Past studies of Lythraceae have concentrated on morphology [2, 12], palynology [13, 14] and anatomy [15]. However, these studies did not distinguish the intraspecific relationship within Lythraceae. More recently, to deepen our understanding of the relationship among Lythraceae species, the modern branch method was used to make a preliminary estimate of the phylogeny within Lythraceae species [16]. Based on rbcL genome data, the psaA-ycf3 spacer in the cp genome and the ITS sequence of the nuclear ribosomale DNA, the phylogenetic relationship within Lythraceae ware preliminarily inferred [17]. These two noncoding regions improved the resolution between species in an rbcL bifurcation diagram [17]. However, due to the use of certain DNA fragments, these studies lead to incomplete conclusions. Complete cp genomes will provide better solutions to relationship reconstruction within Lythraceae and allow exploration of its phylogenetic position within Myrtales.

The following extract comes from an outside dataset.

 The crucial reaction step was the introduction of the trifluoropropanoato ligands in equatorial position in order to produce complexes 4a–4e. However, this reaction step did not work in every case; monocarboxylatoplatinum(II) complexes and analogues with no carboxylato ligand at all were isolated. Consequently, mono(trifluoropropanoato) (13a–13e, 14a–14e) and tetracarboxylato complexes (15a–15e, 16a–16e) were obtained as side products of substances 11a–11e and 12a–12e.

The chloroplast is an essential organelle for land plants [18], and is mostly inherited maternally [19]. The cp genome usually consists of a two-stranded DNA molecule, and most cp genomes are 120–220 kb in length with 120–140 coding genes [20, 21]. The cp genome usually has four parts: a large single copy (LSC) region, a small single copy (SSC) region, and two copies of the inverted repeat region (IRA and IRB). Because the cp genome is more conserved and shorter in length than the nuclear and mitochondrial genomes, some cp genome sequence have been used to distinguish species and conduct phylogenetic studies [22,23,24,25]. An increasing number of cp genomes have recently been reported because complete cp genome sequences provides better data to distinguish marginal taxa, especially below the species level.

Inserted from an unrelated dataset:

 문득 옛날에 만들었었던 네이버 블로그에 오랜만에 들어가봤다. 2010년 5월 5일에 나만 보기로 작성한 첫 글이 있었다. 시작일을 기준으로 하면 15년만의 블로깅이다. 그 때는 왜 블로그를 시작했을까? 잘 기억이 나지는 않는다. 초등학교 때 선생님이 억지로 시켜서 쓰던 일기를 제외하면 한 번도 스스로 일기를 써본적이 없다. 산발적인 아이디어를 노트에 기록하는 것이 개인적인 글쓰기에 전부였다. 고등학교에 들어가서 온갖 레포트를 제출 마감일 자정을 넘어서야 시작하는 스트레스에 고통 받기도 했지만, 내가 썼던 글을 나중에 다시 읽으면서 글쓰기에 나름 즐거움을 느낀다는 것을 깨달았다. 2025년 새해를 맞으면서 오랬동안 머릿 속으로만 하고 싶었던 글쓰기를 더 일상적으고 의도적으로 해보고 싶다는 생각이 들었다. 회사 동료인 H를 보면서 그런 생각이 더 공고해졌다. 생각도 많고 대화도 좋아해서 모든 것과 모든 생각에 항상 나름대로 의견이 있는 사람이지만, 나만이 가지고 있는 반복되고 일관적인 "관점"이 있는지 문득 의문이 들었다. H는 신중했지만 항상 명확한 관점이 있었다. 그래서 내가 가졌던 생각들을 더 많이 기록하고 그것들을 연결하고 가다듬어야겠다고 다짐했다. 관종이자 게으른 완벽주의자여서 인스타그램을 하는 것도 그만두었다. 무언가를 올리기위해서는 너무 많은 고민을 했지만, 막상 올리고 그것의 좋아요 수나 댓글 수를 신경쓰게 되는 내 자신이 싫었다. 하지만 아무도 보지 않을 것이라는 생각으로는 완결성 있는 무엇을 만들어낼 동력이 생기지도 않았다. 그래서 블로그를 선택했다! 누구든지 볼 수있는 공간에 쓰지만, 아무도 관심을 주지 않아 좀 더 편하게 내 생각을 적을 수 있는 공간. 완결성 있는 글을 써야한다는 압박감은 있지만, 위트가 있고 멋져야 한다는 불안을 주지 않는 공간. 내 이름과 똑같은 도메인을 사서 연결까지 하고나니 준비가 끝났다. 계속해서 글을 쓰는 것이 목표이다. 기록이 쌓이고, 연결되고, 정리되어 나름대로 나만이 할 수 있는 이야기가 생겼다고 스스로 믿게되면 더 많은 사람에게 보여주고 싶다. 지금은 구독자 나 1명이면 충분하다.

In this study, we report six newly sequenced Lythraceae cp genomes and compare them with those of 16 other species within Lythraceae including nine published cp genomes (P. granatum, H. myrtifolia, Lagerstroemia fauriei, Lagerstroemia floribunda, Lagerstroemia guilinensis, Lagerstroemia indica, Lagerstroemia speciosa, Lagerstroemia subcostata and Lagerstroemia intermedia) downloaded from GenBank and seven unpublished Lagerstroemia cp genomes (Lagerstroemia excelsa, Lagerstroemia limii, Lagerstroemia villosa, Lagerstroemia siamica, Lagerstroemia tomentosa, Lagerstroemia venusta and Lagerstroemia calyculata). Our objectives were as follows: (1) To detect differences between the cp genomes of 22 Lythraceae species; (2) to select 10 highly variable regions to act as candidate barcodes for identifying related species of Lythraceae; (3) to reconstruct phylogenetic relationships to verify branch relationships within Lythraceae and explore its status in Myrtales.

Results

Chloroplast genome structure and content

The complete cp genomes of the 22 Lythraceae species ranged in length from 152,049 bp (L. subcostata) to 160,769 bp (L. villosa) (Table 1). All cp genomes had the typical four conjoined structures, including the LSC and SSC regions separated by two IR regions (Fig. 1). The LSC regions ranged from 83,817 bp (L. guilinensis) to 89,569 bp (W. fruticosa) and accounted for 55.10–56.90% of the total length. The SSC regions varied between 16,501 bp (D. grandiflora) and 33,301 bp (L. speciosa) and accounted for 10.60–21.80% of the total length. The IR regions ranged from 17,541 bp (L. floribunda) to 26,906 bp (L. villosa) and accounted for 11.50–17.00% of the total length.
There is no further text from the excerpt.